Funnel plots were constructed for all outcomes. Based on the assessment of these figures (figure E5A–F), possible evidence of publication bias in favour of oxygen supplementation was identified in the immediate effect exercise capacity for COPD analysis, immediate effect exercise capacity for IPF analysis, immediate effect exercise capacity for COPD sensitivity analysis and immediate effect exercise dyspnoea for COPD sensitivity analysis.

Other RoB assessments

Our RoB assessment was performed via the RoB2 tool for parallel and for crossover RCTs. The results of our assessment for all included studies can be found in table E2.

Discussion

This study is a systematic review and meta-analysis of 15 RCTs determining the efficacy of oxygen supplementation for patients with chronic pulmonary disorders causing EID. Our results show that 1) RCTs of the treatment of adult EID with supplemental oxygen have been performed in two chronic pulmonary disorders, namely COPD and IPF, 2) data were available for immediate and longer-term effects for COPD and mainly for immediate effects for IPF, 3) oxygen supplementation increased immediate exercise capacity for COPD and IPF but not post-rehabilitation or short-term, ambulatory exercise capacity for COPD, 4) oxygen supplementation decreased immediate exercise dyspnoea for COPD and not for immediate exercise dyspnoea for IPF or post-rehabilitation or short-term, ambulatory exercise dyspnoea for COPD, 5) oxygen supplementation had no benefit for post-rehabilitation baseline dyspnoea or post-rehabilitation or short-term, ambulatory QoL for COPD, and 6) our sensitivity analyses provided results similar to our main analyses.

Our results add new data to the recommendations offered by national and international guidelines. The 2020 American Thoracic Society guidelines provide a conditional recommendation in favour of the prescription of ambulatory oxygen for patients with both COPD and ILD and isolated diagnosis of EID [20]. For COPD, the guideline authors pool two studies that used the 6MWT to assess exercise capacity, document additional studies that used other tests (e.g. 5-min walk test) and find a benefit of oxygen use. They analyse three studies that used the Borg scale to assess exercise dyspnoea and find a benefit. They finally analyse three studies with the CRQ for QoL, document additional studies using other tests (e.g. STGQ) and find a benefit. The presented evidence on exercise tolerance and exercise dyspnoea pertains to the immediate effect of oxygen and no consideration of oxygen use during pulmonary rehabilitation is included. For ILD, they pool three studies with the 6MWT for the exercise capacity assessment and find a benefit of oxygen use. They analyse three studies with the Borg scale for exercise dyspnoea assessment and find no benefit. In contrast to our study, they include a limited number of studies, pool studies without specifically identifying exercise desaturation as an inclusion criterion (e.g. they include studies with exercise dyspnoea only), studies utilising different modes of oxygen delivery and studies that compare different oxygen supplementation flow rates. Our study has narrower and more specific inclusion criteria, answers a very specific research question and pools a higher number of studies via the methodology documented above.

On the other hand, the 2015 British Thoracic Society (BTS) guidelines provide a recommendation against the routine prescription of oxygen in patients with an isolated diagnosis of EID [21]. They do not pool data but present the relevant literature available at the time and identify the short-term benefits in exercise capacity and exercise dyspnoea of ambulatory oxygen in the experimental setting and the lack of evidence on longer-term benefits. They also assess patient comfort and compliance, reviewing the burdens of ambulatory oxygen use that might lead to lower adherence. Finally, they recommend oxygen use during pulmonary rehabilitation if an exercise capacity improvement is appreciated with oxygen use for the individual. As per the publication year, the 2015 BTS guidelines do not consider primary studies that were published more recently. Our study incorporates the topics addressed in the guideline and then adds the most up-to-date research on the subject.

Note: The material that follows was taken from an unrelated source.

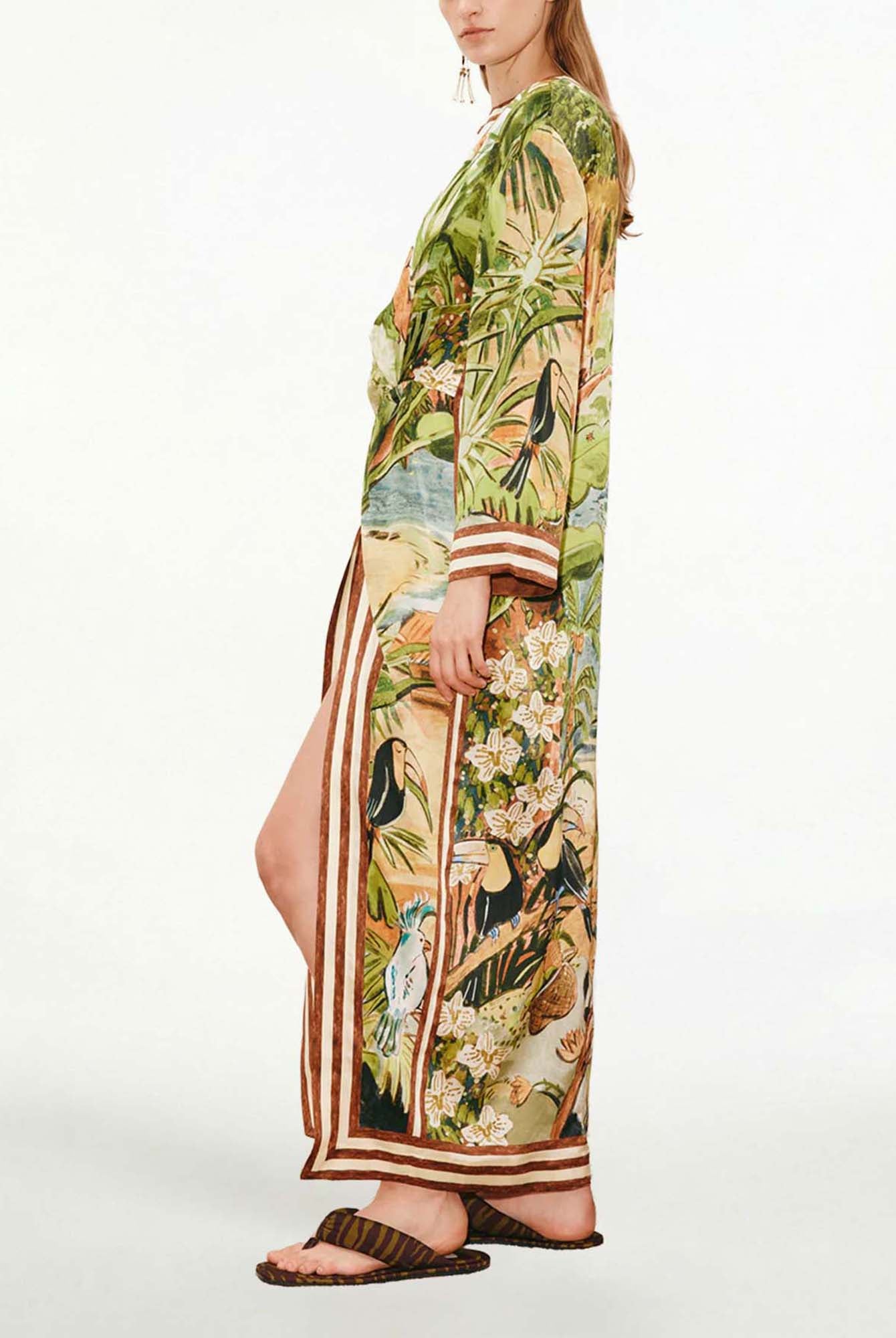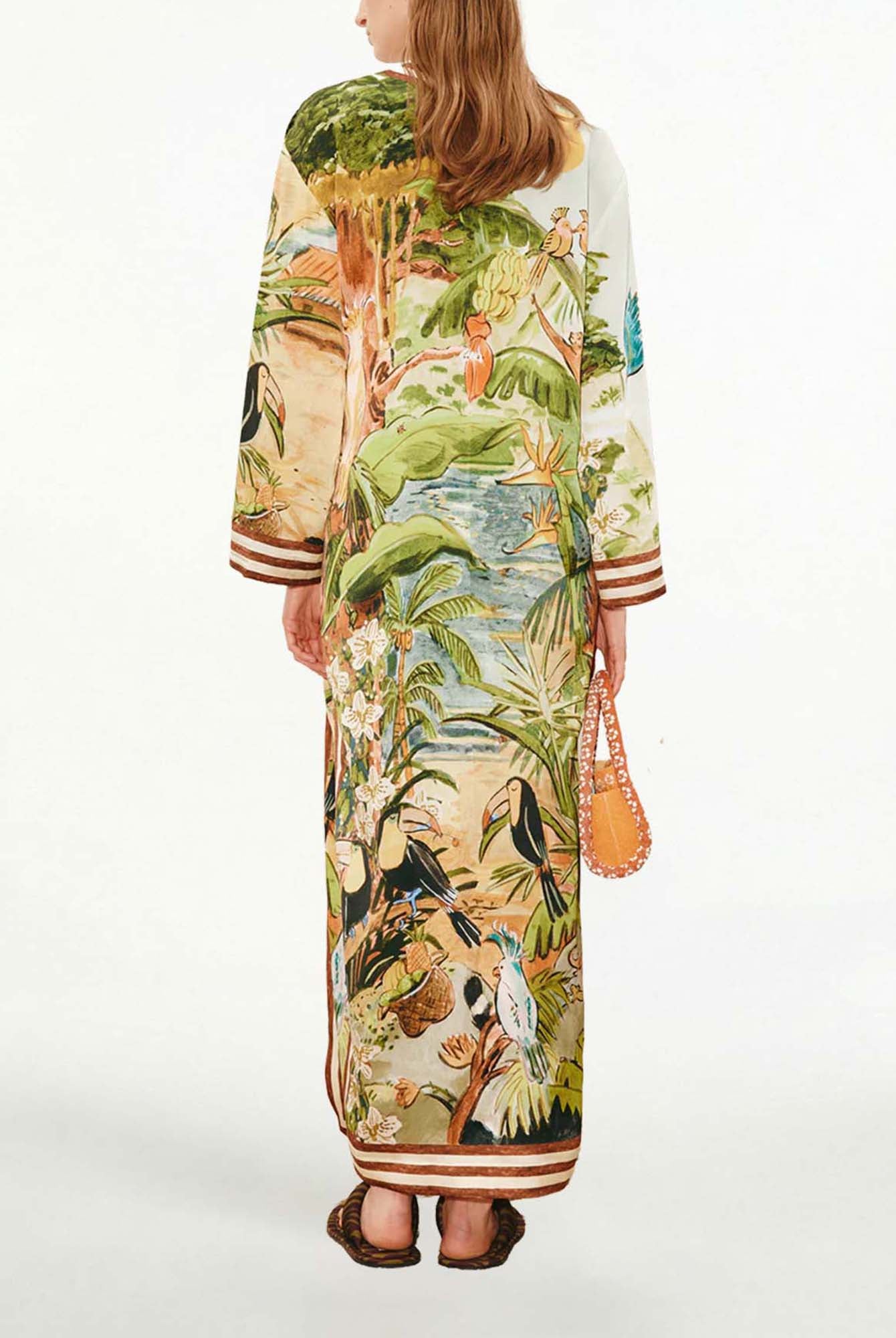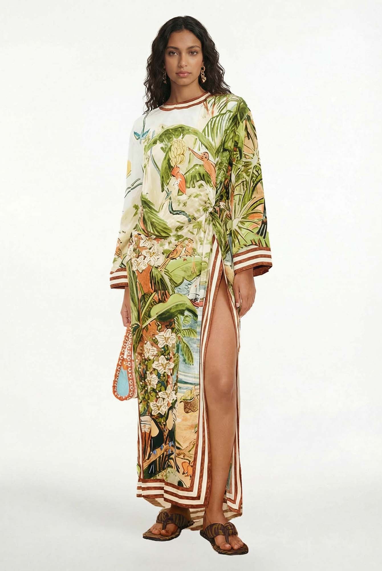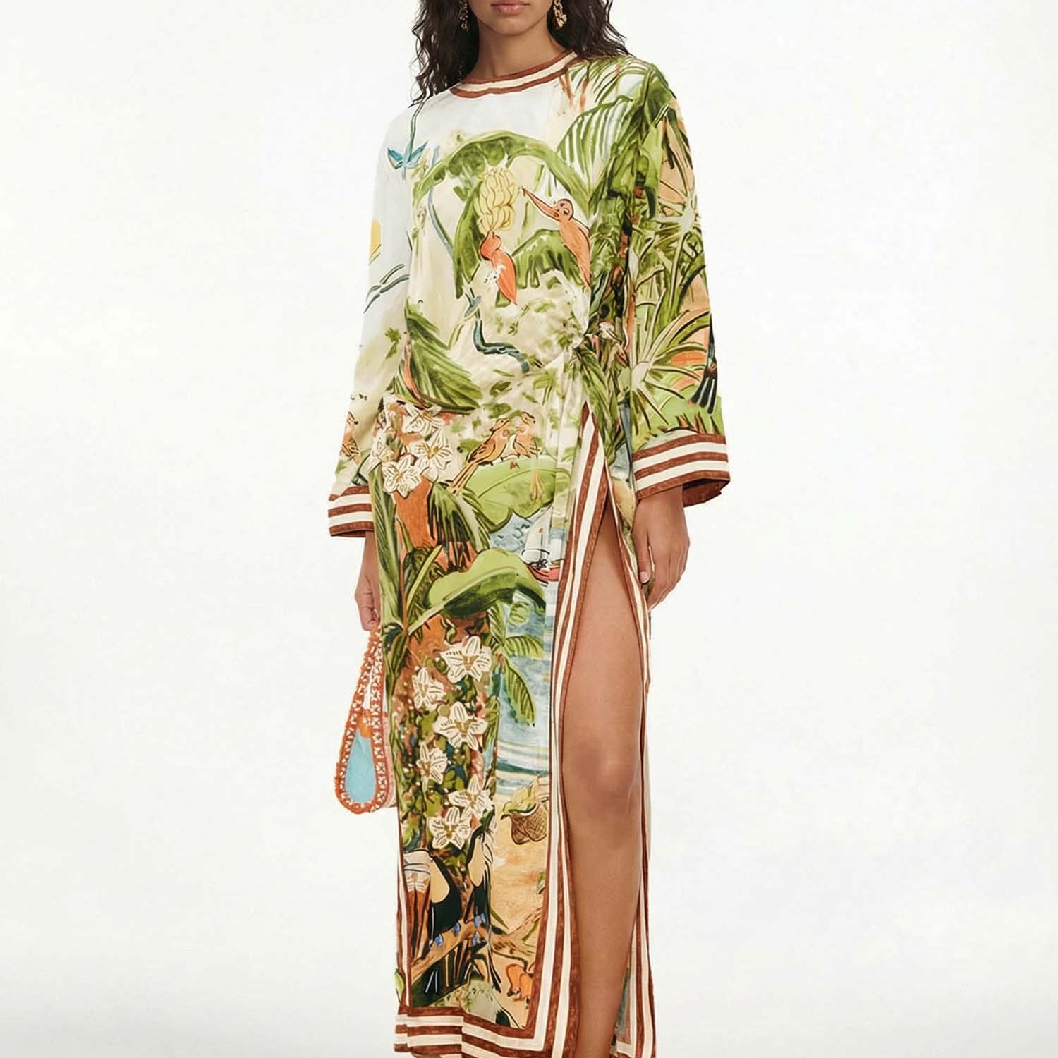 Flowing with energy, this vibrant red maxi dress showcases a bold artistic print and flattering neckline—made for dancing under the stars.

Except for international guidelines, primary studies and reviews/meta-analyses performed on this topic have also reached mixed conclusions. A part of this research has demonstrated some benefits of oxygen supplementation. These benefits mainly pertain to a possible improvement of exertional capacity and a possible decrease of symptomatic dyspnoea on exertion [22, 23]. There is some evidence that oxygen supplementation can potentially contribute to achieving higher exercise load during exercise sessions [24, 25]. Other research teams do not identify a benefit from oxygen supplementation, especially concerning outcomes of more longer-term nature such as QoL, disease exacerbation risk and mortality [6, 26] [E9, E14]. Finally, a third group of studies has been equivocal, with ambulatory oxygen use associated with no effect on exercise capacity or exercise dyspnoea but a possible beneficial effect on QoL [27]. Our study provides a comprehensive, up-to-date review on the treatment of EID with supplemental oxygen and provides guidance on its possible benefits. In addition to the benefits, a consideration for possible hindrances to the patient (e.g. individual or insurance cost, need for possible lifelong equipment use and strain of moving/carrying it, and possible safety hazards with concurrent smoking) is advised and thus a risk/benefit analysis and a shared decision-making process between the patient and the provider need to be performed prior to ambulatory oxygen prescription.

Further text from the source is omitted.